The researchers analyzed blood samples and tumor tissue taken from 450 patients between 17 and 45 years, who had undergone operations for the removal of the tumor between 2013 and 2016. The traditional screening for colorectal cancer focus of specific genes, which are known to be linked to that form of cancer. The team in question has instead carried out a parallel analysis of multiple genes. It analyzed both genes directly explicable in colorectal cancer, and those associated with other forms of cancer.

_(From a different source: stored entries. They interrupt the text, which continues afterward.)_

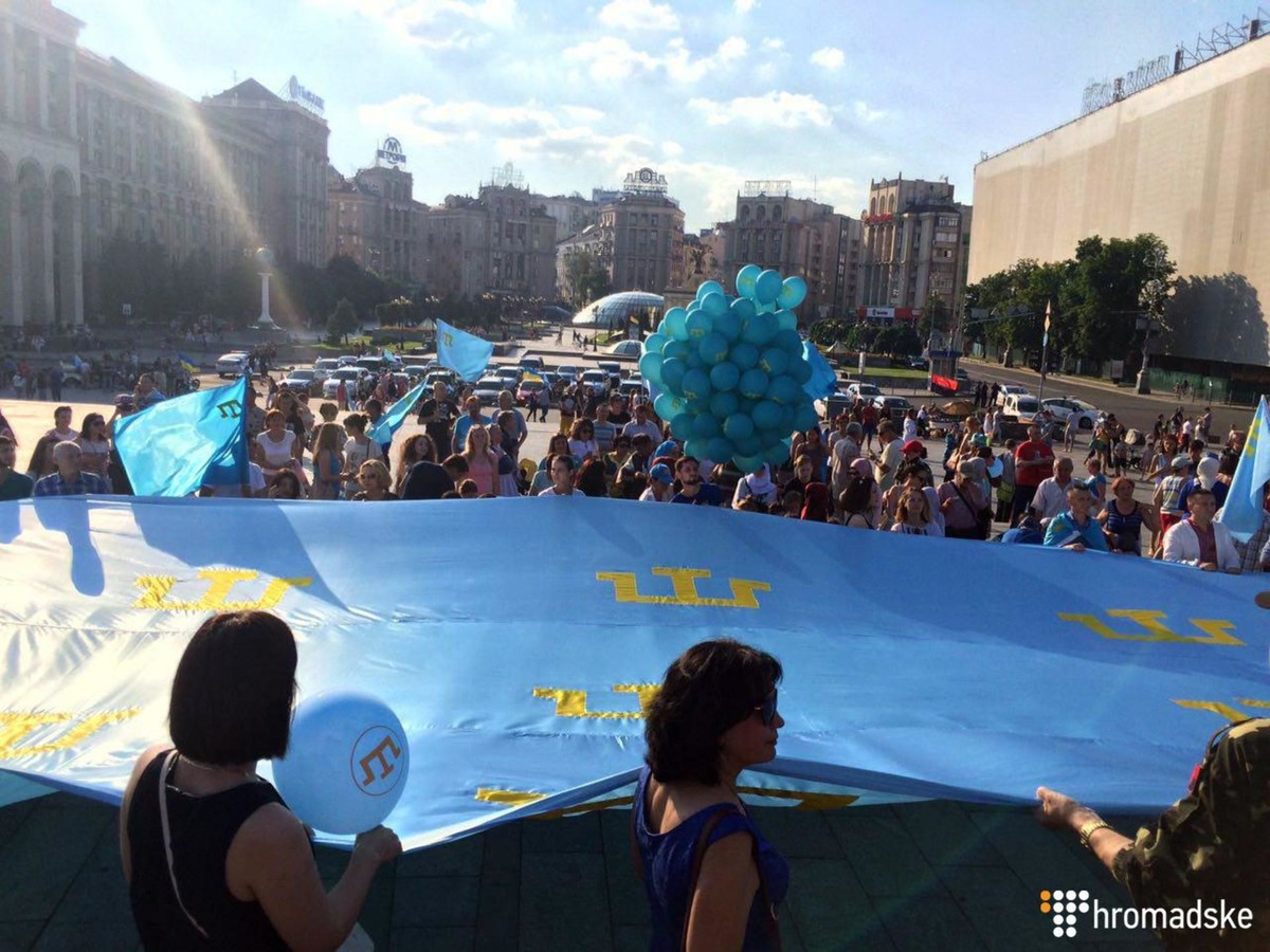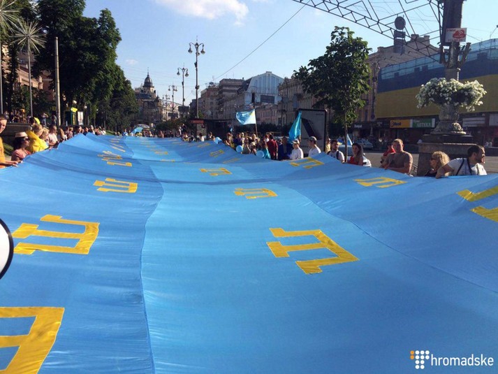На Майдані Незалежності стартувала хода на честь кримськотатарського прапору.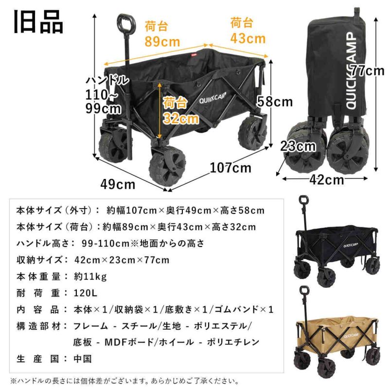 QCWAGON 送料無料 行楽 キャンプ アウトドアワゴン キャリーカート アウトドアキャリー 収束式 折りたたみ 静止耐荷重100kg 走行耐荷重70kg 大容量 自立 頑丈 台車 レジャー バーベキュー スポーツ ピクニック ビーチ マルチキャリー ワゴン キャスター付き
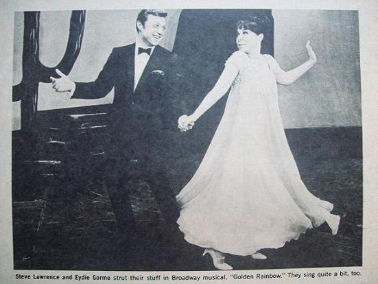 that stars Steve Lawrence and Eydie Gorme. Instead, it was simply a photo-interview session of the pair, who arrived with an entourage that included their pooch, Rocky. The voice heard over the tumult belonged to Eydie. Its insistent, strident tones couldn't be mistaken. Few people can outtalk her. The exuberant, irresistable gal would be tremendous at the United Nations. Not even a Russian veto could silence her. Hubby Steve sums it up nicely: "There really isn't a Steve Lawrence, you know. Eydie's a ventriloquist." While undeniably a great conversationalist, Eydie's an even greater singer. Mention the top five female vocalists around and Eydie has to be up there some place. Few singers possess her range, power, and emotional depth. She can lift a person clear out of his seat with notes similar to the glass-shattering ones she hit on that famed radio-TV commercial: "Plymouth is out to win you over this ye-e-e-e-e-e-ar--eeeh!" Eydie's hubby, Steve, boasts impressive credentials, too. He rates in the upper echelon of crooners, and has sold mountains of records. When Steve says: "I'm a millionaire," he's referring only to his own assets and not to Eydie's equally tall stack of greenbacks. Though each has made it big as a single, it's as a singing duo that they've attracted recent attention. It hasn't mattered whether the pair were headlining The News Harvest Moon Ball shindig or starring on the "Ed Sullivan Show," they've grabbed the audience right from the start. Night club owners classify them among "can't miss" entertainers, an elite category that includes Dean Martin, Frank Sinatra, Sammy Davis Jr. and only a few others. Predictably enough, it's Steve and Eydie's exciting night club tactics that are luring crowds into "Golden Rainbow." The prospect of seeing the pair do a two-hour-plus "act" is reason enough for many people to catch the musical. The pot at the other end of "Rainbow" isn't the pair's sole motivation for doing the show; despite the fact that both have invested in it. "We want to settle down," says Eydie, "and a long running Broadway play is a wonderful way of doing it. Up to now, we've taken our children (David, 8, and Michael, 6) with us on all our night club tours. But both are currently going to school, and I don't think it's a good idea to take them out of it to travel. Besides, we'd like to stay home for a change." "Home" for the Lawrences is a sumptuous 10-room apartment in midtown Manhattan. They marked their 10th anniversary on December 29, and probably spent it recalling how far they both had come since first meeting on Steve Allen's "Tonight" show in 1953. She was a cute kid from the Bronx (E. 168th St.) whose parents were Turkish-born Sephardic Jews. He was the son of a Brooklyn cantor. It wasn't exactly love at first sight when Edith Gormezano gazed at Sidney Liebowitz, but Eydie and Steve gradually warmed toward each other and after four years on the Steve Allen Show, they made it a duet. It was on Allen's program that the pair met Andy Williams. Steve says of his buddy: "When Andy joined the show, he was little more than a rank amateur. He was unsure of himself, and often talked of quitting the business. Today, I consider him the most improved singer around, and couldn't be happier over his success." Steve also speaks frankly about Vic Damone. "He's a tremendous singer today. Vic always had great pipes, but had trouble with his personal life and it affected his singing. Now he has things squared away. He couldn't be better." Eydie is equally forthright when discussing Barbra Streisand, a gal who belts in the same fashion that she does. "Barbra's a wonderful singer, but I think she has to be careful. "There's beginning to be a sameness to her delivery. In other words, it's starting to wear. For example, Barbra recently recorded 'Stout Hearted Men,' using the style she made famous on 'People' and 'Free Again.' I think it was a mistake. The record doesn't do her justice." Eydie believes the current scene has produced exceptionally fine singers. She's an admirer of the Fifth Dimension and the Beatles. "There are also many songs around today that I wish I had had the opportunity to record. I especially liked 'Going Out Of My Head' and 'Downtown,' but the big problem is getting those songs first." And Eydie is extremely eager to come up with winning tunes now that she and Steve have signed a new recording contract with Calendar. Has she given any thought to retiring after 17 years as a professional songbird? "You must be kidding!" Eydie says. But Steve laughingly gets a word in edgewise: "I've thought of it, though" - and then ducks out of range. Cover photo by Harry Warnecke and Gus Schoenbaechler |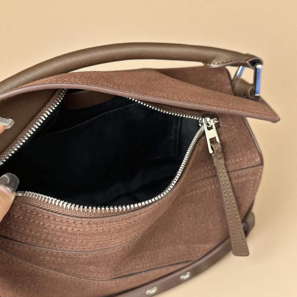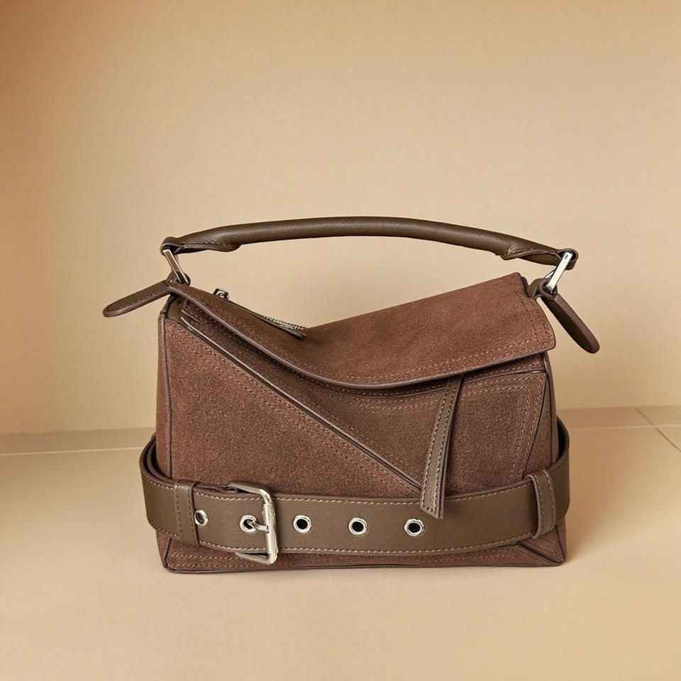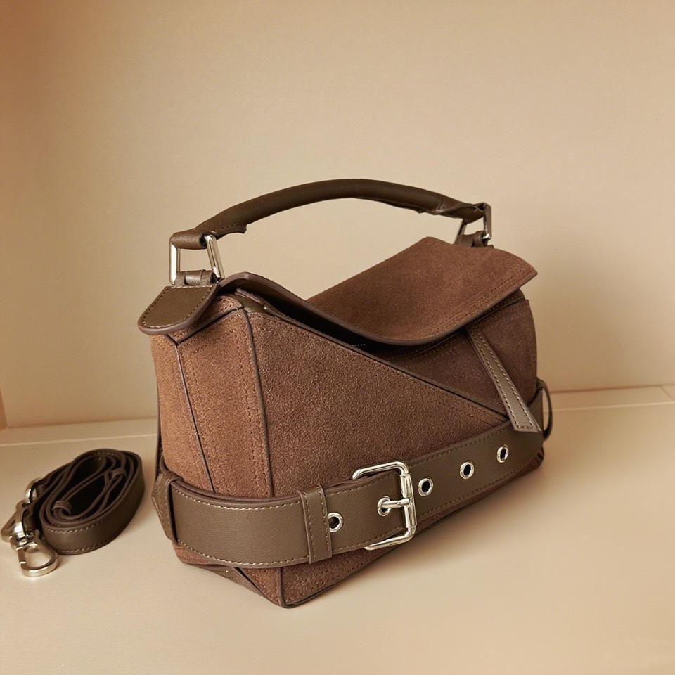 กระเป๋าถือผู้หญิงรุ่นใหม่ปี 2025 ดีไซน์หรูหราสไตล์เรโทร หนังกลับ กระเป๋าสะพายไหล่ผู้หญิง ลายเรขาคณิต กระเป๋าหนังทรงหมอน
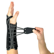 The lacing closure allows for easy one-handed application, while the palmar pad provides additional comfort and support. Available in both long and short versions.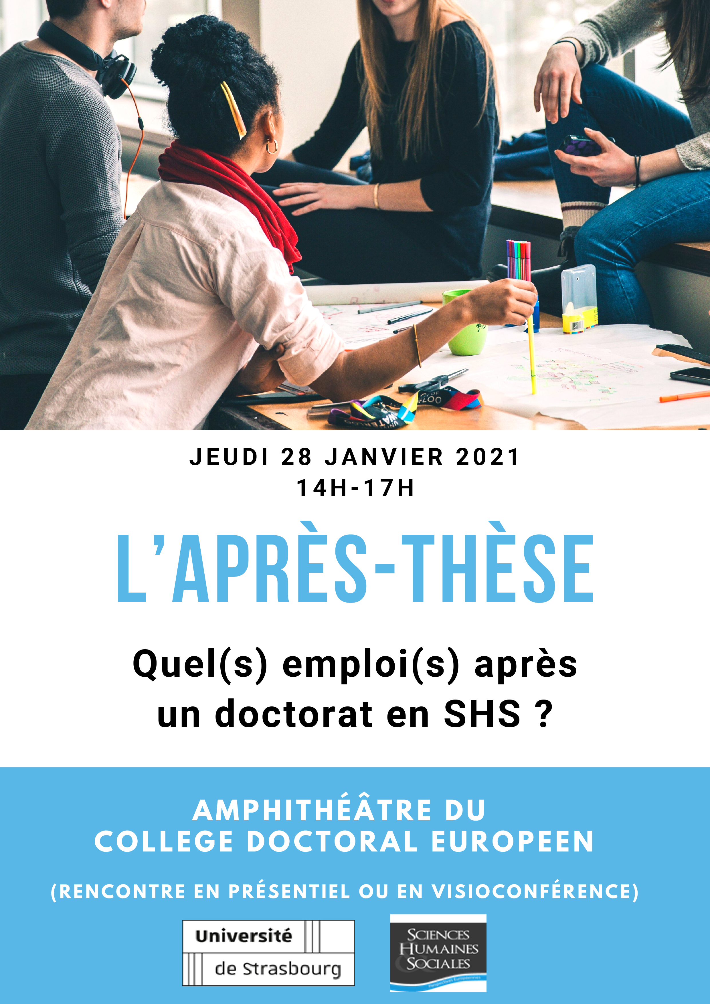 Une rencontre intitulée "L’après-thèse - Quel(s) emploi(s) après un doctorat en SHS ?" aura lieu le vendredi 28 janvier à 14h en ligne.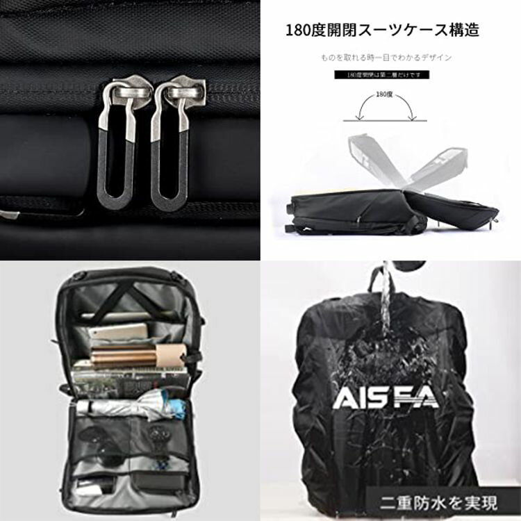 コンピュータポケット・携帯電話ポケット・ドキュメントポケットなどの機能バッグ 收納力抜群!薄い17インチパソコンでも対応!短期旅行など2〜3日分の着替えが楽々収納可能! 【30リットル大容量設計】 スクエア型+幅広マチで収納力抜群、最大17インチPC、Pad、A4サイズの書類や着替え、サングラス、帽子など必要なアイテムを、まとめて収納! 【ユニークな機能】 リュックサック 外部USB充電機能付き、背負ったまま携帯を充電できて、持ち歩く便利です、緊急用、防災用、アウトドア、キャンプなどに適用しています。

The researchers expected to find a very high percentage of Lynch syndrome, a hereditary form of colon cancer. Of 450 subjects, only 36 only showed this mutation, while 34 had only explicable mutations to other forms of cancer and especially breast cancer. 33% of these subjects had no trace of the disease in the family history. This means that in other situations would hardly have made a specific screening for that type of anomaly.
The study shows how the spectrum of relevant genetic mutations for cancer of the colon and rectum is very broad. Much larger than the researchers thought. The team then suggests a genetic screen wide-ranging, as well as identify any predispositions and address them in the bud. Maybe one day could use a similar approach for prenatal screening test, so as to identify the bud any possible danger.